Friday, March 21, 2014

Film: Art Project

Tim's Vermeer, Directed by Teller

Yeah, I know. I seem to be nothing but reviews at the moment. I suppose that this is because I am in a
review sort of mood. Plus the fact that my life is otherwise rather boring at the moment, though it is boring in a good way. Getting stuff done, hanging out with people, playing games, reading. Boring can be very good sometimes.

And in this case last week I decided on a weeknight (gasp!) to go a movie (Gasp!) by myself (GASP!) up in the U-District (meh). In this case, it was a tidy little film of the type that I didn't want to drag friends out to - Tim's Vermeer, about a guy who paints himself a Vermeer.

The Music Lesson by Vermeer
And the film was playing at the Sundance theater, and the last time I had been to that building it was for the Firefly sneak peak, so we're talking, what, nine years or so? Yeah, I'm not one for much repeat business. But I do note that the theater has been upgraded to a high-end, comfortable-chair, over-21-so-we-can-serve-alcohol venue. I arrived early, and as a result spent about an hour upstairs in the lounge by the gas fireplace, eating a pizza, nursing a cuba libre, and reading Wodehouse's Code of the Woosters. So I was pretty relaxed even before the movie.

Ah, right, the movie. Tim Jenison is successful inventor and founder of NewTek, which did Video Toaster and Lighwave 3D. Creative, ingenious, and having both time to pursue his ideas as well money to aid in any pursuit he takes an interest in. And he decides to paint a Vermeer.

And he's not forging a Vermeer, but rather using the Vermeer (The Music Lesson) as a model in an attempt to figure out Vermeer's technique. Vermeer is best known for his photo-realistic style and his soft, almost golden light. How did he capture these effects on the canvas? Jenison, an avowed non-artist, seeks to duplicate it.

The artist David Hockney put forward the theory in his Secret Knowledge (2001) that the more realistic painters of the 16th and 17th century achieved their results by use of increased technology and research in optics and lenses. Indeed, my book of Vermeer prints from 1997 makes mention of the camera obscura as a technique, a simple device that consists of a dark room with a hole in an end. The reflected light present the image of the outside world in a ghostly, inverted image.

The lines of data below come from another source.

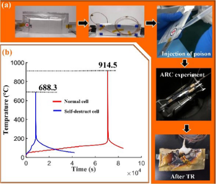 包裹毒化胶囊的自毁电池的热失控实验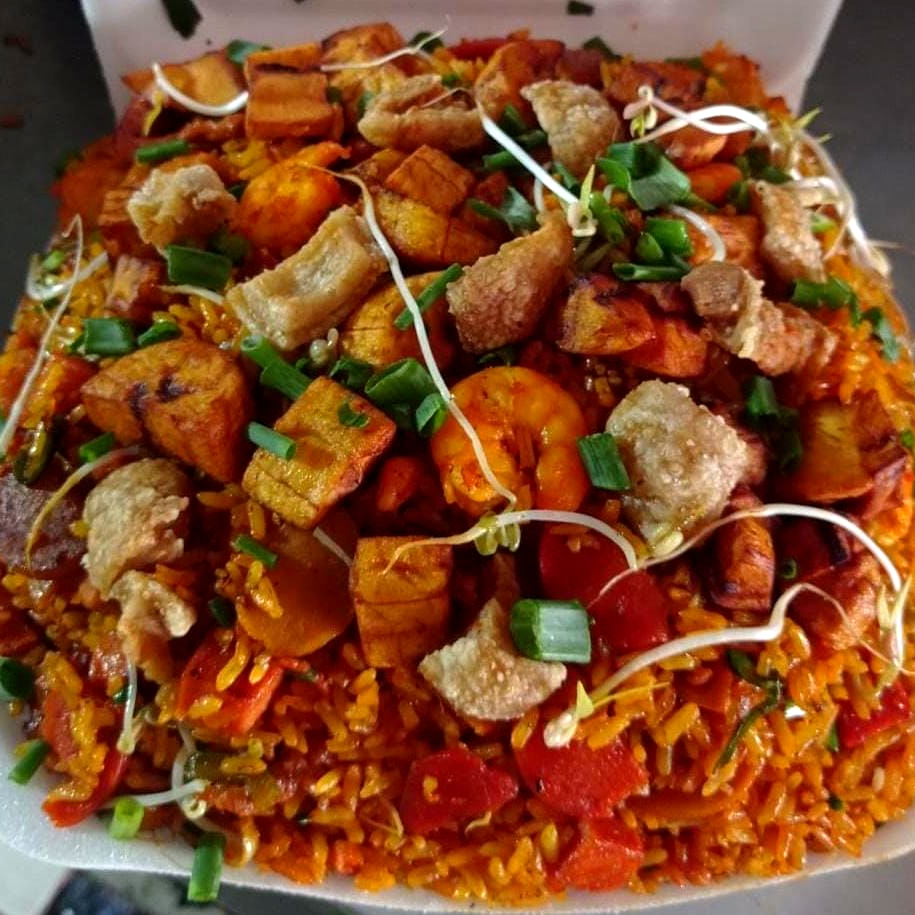 Cerdo, pollo, camarón, chorizo, butifarra, jamón y presa de pollo broaster.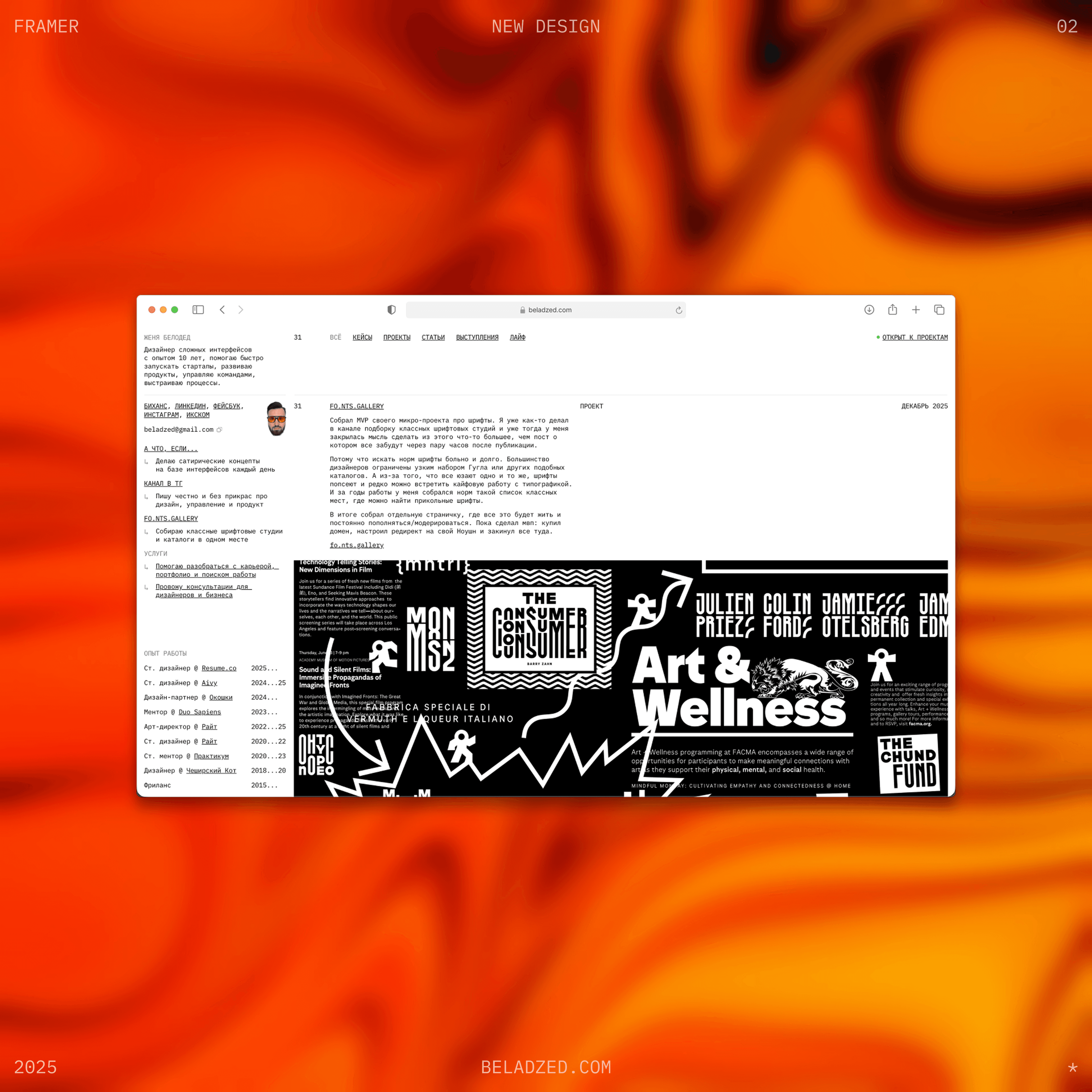 Последним по списку, но не по значимости, отмечу переезд с Вебфло на Фреймер на личном сайте. Мне было интересно потыкать новый для себя инструмент, опять же, на реальной задаче и по пути освежить дизайн, который начал меня напрягать. Получилось, как мне кажется, круто, даже несмотря на то, что впереди еще много работы по всяким мелочам.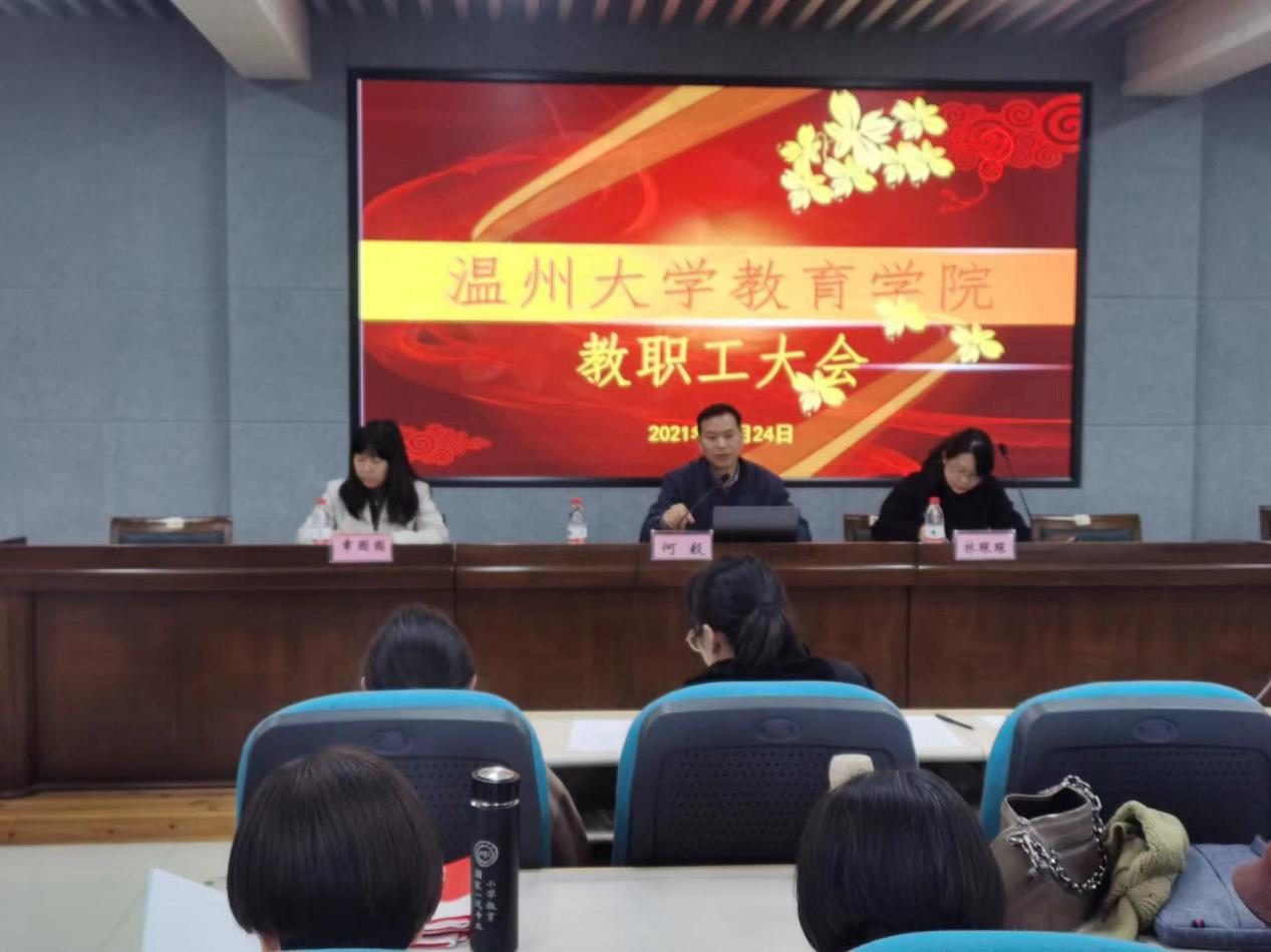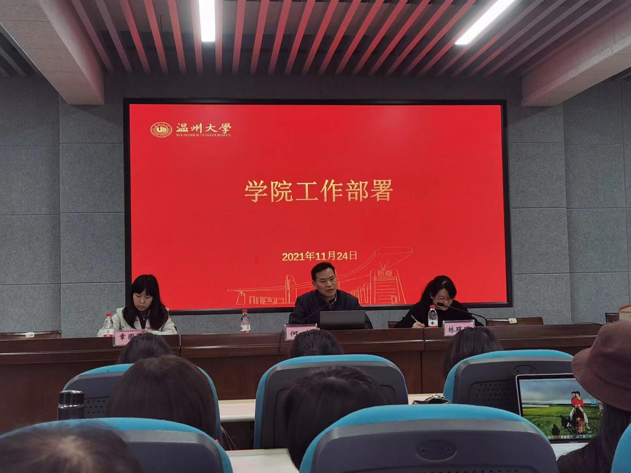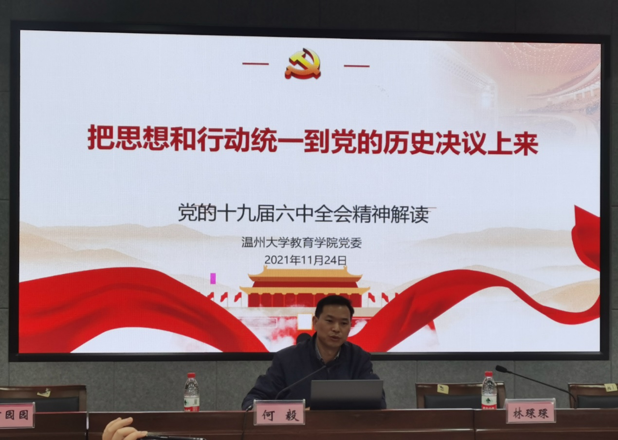 11月24日下午,成人色情 在南校区9C301召开全体教职工大会暨“十九届六中全会”精神理论学习会,学院全体教职工参加,何毅书记主持。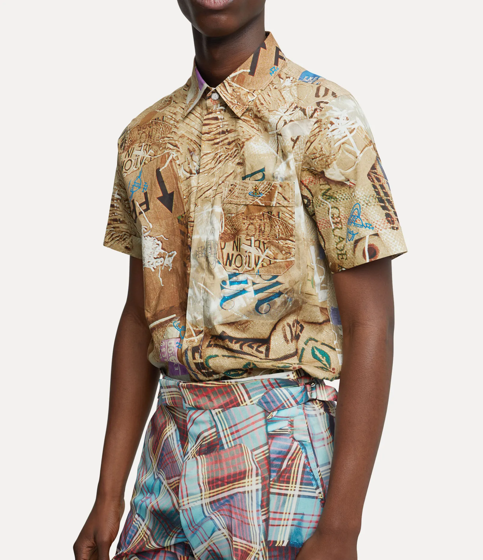 Our Classic Short Sleeve shirt revives the archive ‘Trash’ motif, composed of overlapping prints of packaging material and cardboard waste – evoking the concept of upcycling newspapers by using them to wrap valuable ornaments when moving house.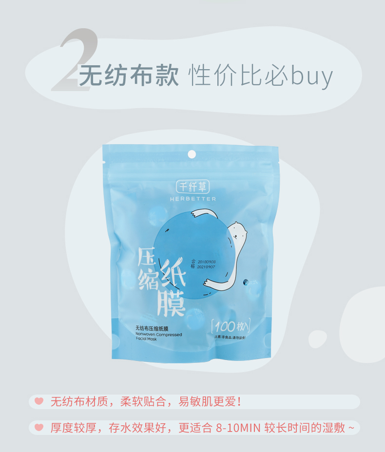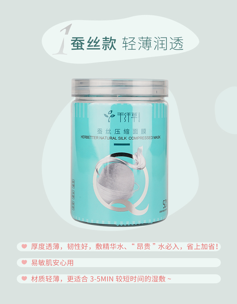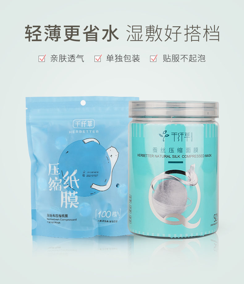 【2罐28.9元起】千纤草压缩面膜蚕丝50粒/无纺布100粒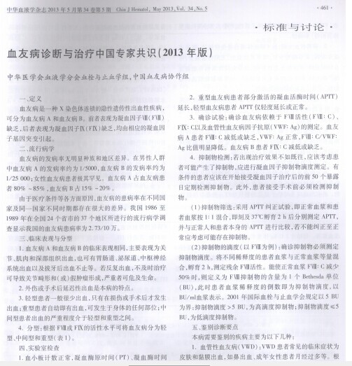 血友病诊断与治疗中国专家共识(2013年版).pdf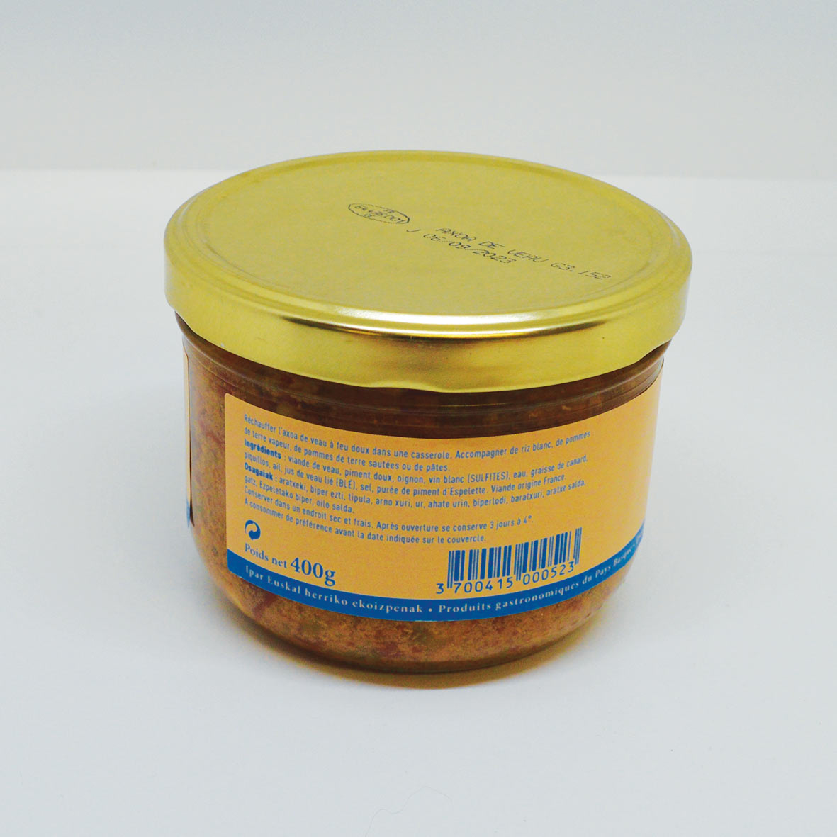 Ingrédients : viande de veau, piment doux, oignon, vin blanc (SULFITES), eau, graisse de canard, piquillos, ail, jus de veau lié (BLÉ), sel, purée de piment d’Espelette. Viande origine France.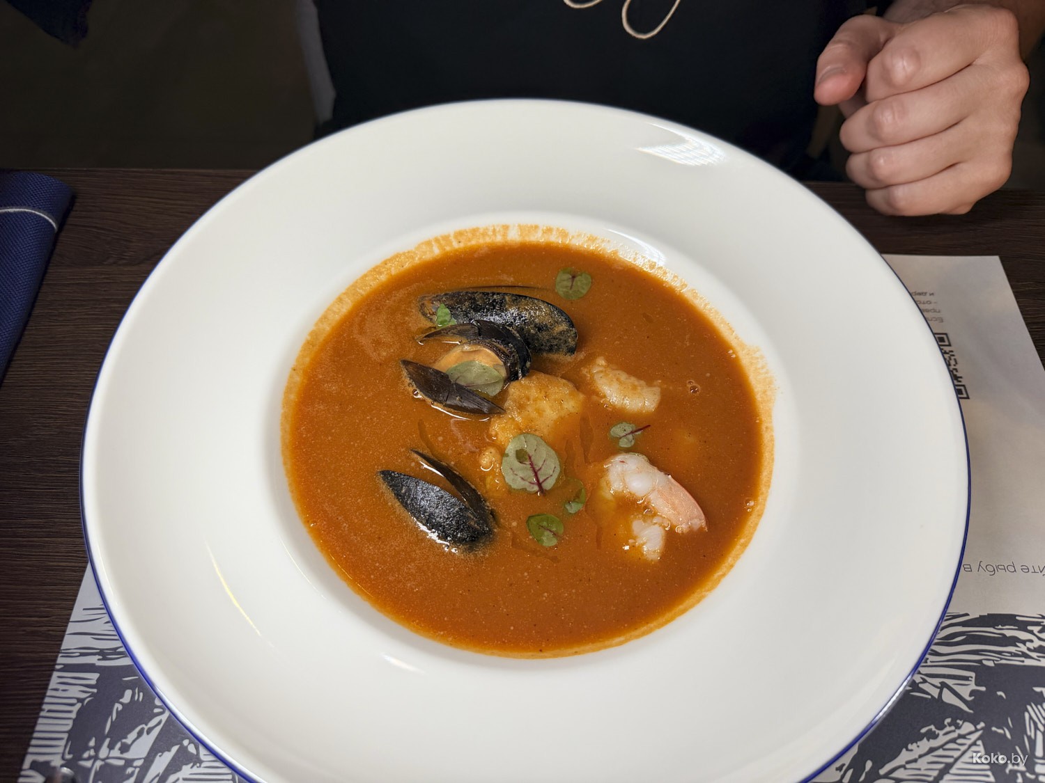 Насыщенный разной рыбой буйабес с куском жареной трески, хрустящим филе креветки и мидиями. Один в один, как в «Сифудошной» за 46р, только без хлеба и соуса ру. А ещё топовый буйабес в «Ле Шато».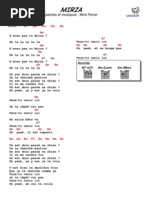 Si vous aimez cet article, partagez le mirza a été vermifugée comme un bon toutou chouchouté par le maître nino, d'où son inquiétude lorsque mirza se fait la mâle une tendance diarrhéique ne rend pas aimable, ceci expliquerait cela ? Ça y est, je le vois ! Nino ferrer mirza paroles et musique: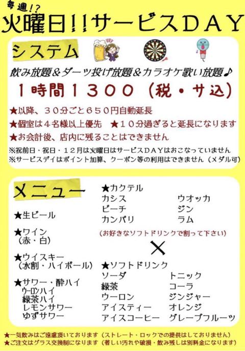 飲み放題&ダーツ投げ放題でおトク‼︎

What Jenison has done is take these theories down to the ground level and examines the possible applications of this technology. First he fits the aperture of the camera obscura with a lens to sharpen the image. Then, he ingeniously uses a small mirror to duplicate the images, one line at a time. There is no sketchwork, no underpainting. merely duplication. He is coloring the image he sees at the edge of the mirror onto the canvas. Finally (as he discovers during the course of the film), he replaced the blank wall the image is focused on with a convex mirror to sharpen the image further. It is an optical three-bank shot that allows him to photocopy the image by hand.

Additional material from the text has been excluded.